• **What needs to be done**:
When you reach the line below that has "4. Disconnect the", start returning lines exactly, and stop after the line that has "Poetry for Neanderthals: NSFW"; skip the pictures.

• **Data supplied**:
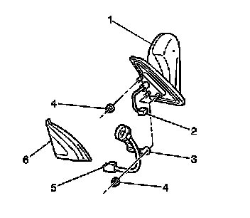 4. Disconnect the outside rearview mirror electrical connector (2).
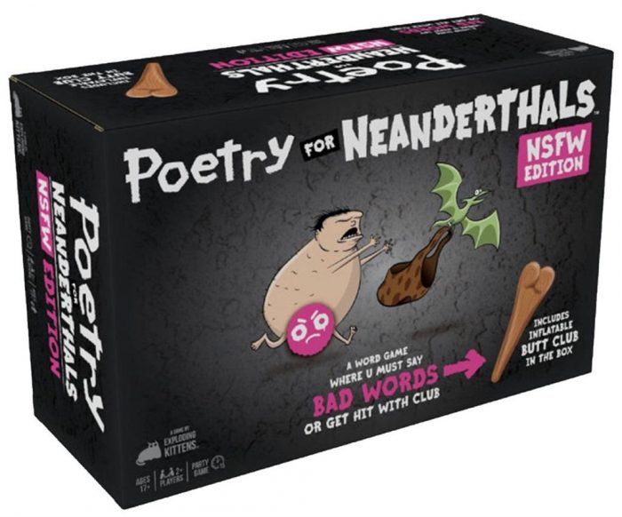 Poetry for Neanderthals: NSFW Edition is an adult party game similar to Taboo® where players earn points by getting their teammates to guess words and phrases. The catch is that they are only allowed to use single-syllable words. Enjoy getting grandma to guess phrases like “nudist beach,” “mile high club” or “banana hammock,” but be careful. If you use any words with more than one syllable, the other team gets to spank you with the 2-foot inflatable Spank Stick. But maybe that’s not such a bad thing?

* * *

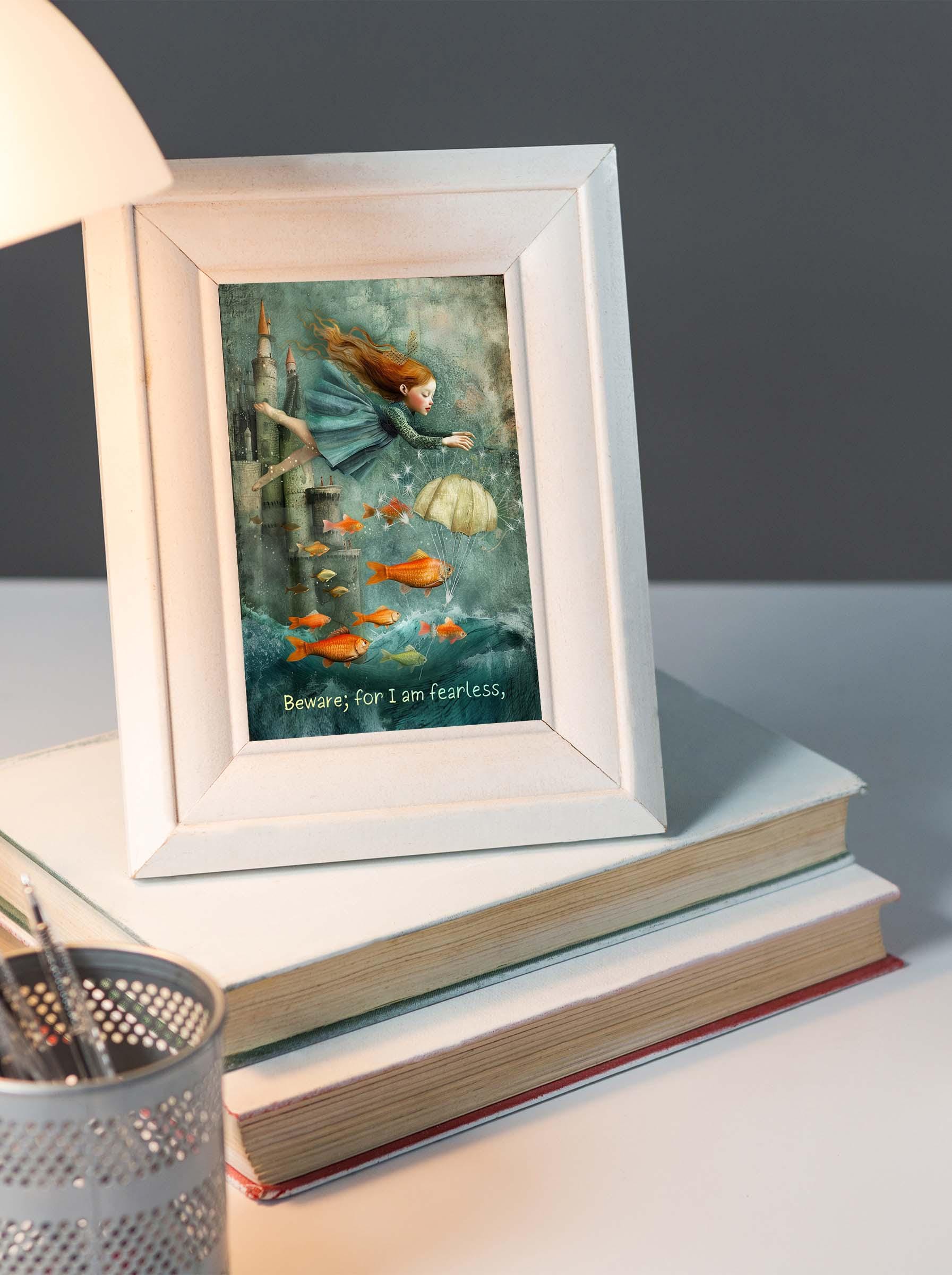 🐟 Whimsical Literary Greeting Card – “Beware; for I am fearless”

• **Solution for this problem**:
 4. Disconnect the outside rearview mirror electrical connector (2).
 Poetry for Neanderthals: NSFW Edition is an adult party game similar to Taboo® where players earn points by getting their teammates to guess words and phrases. The catch is that they are only allowed to use single-syllable words. Enjoy getting grandma to guess phrases like “nudist beach,” “mile high club” or “banana hammock,” but be careful. If you use any words with more than one syllable, the other team gets to spank you with the 2-foot inflatable Spank Stick. But maybe that’s not such a bad thing?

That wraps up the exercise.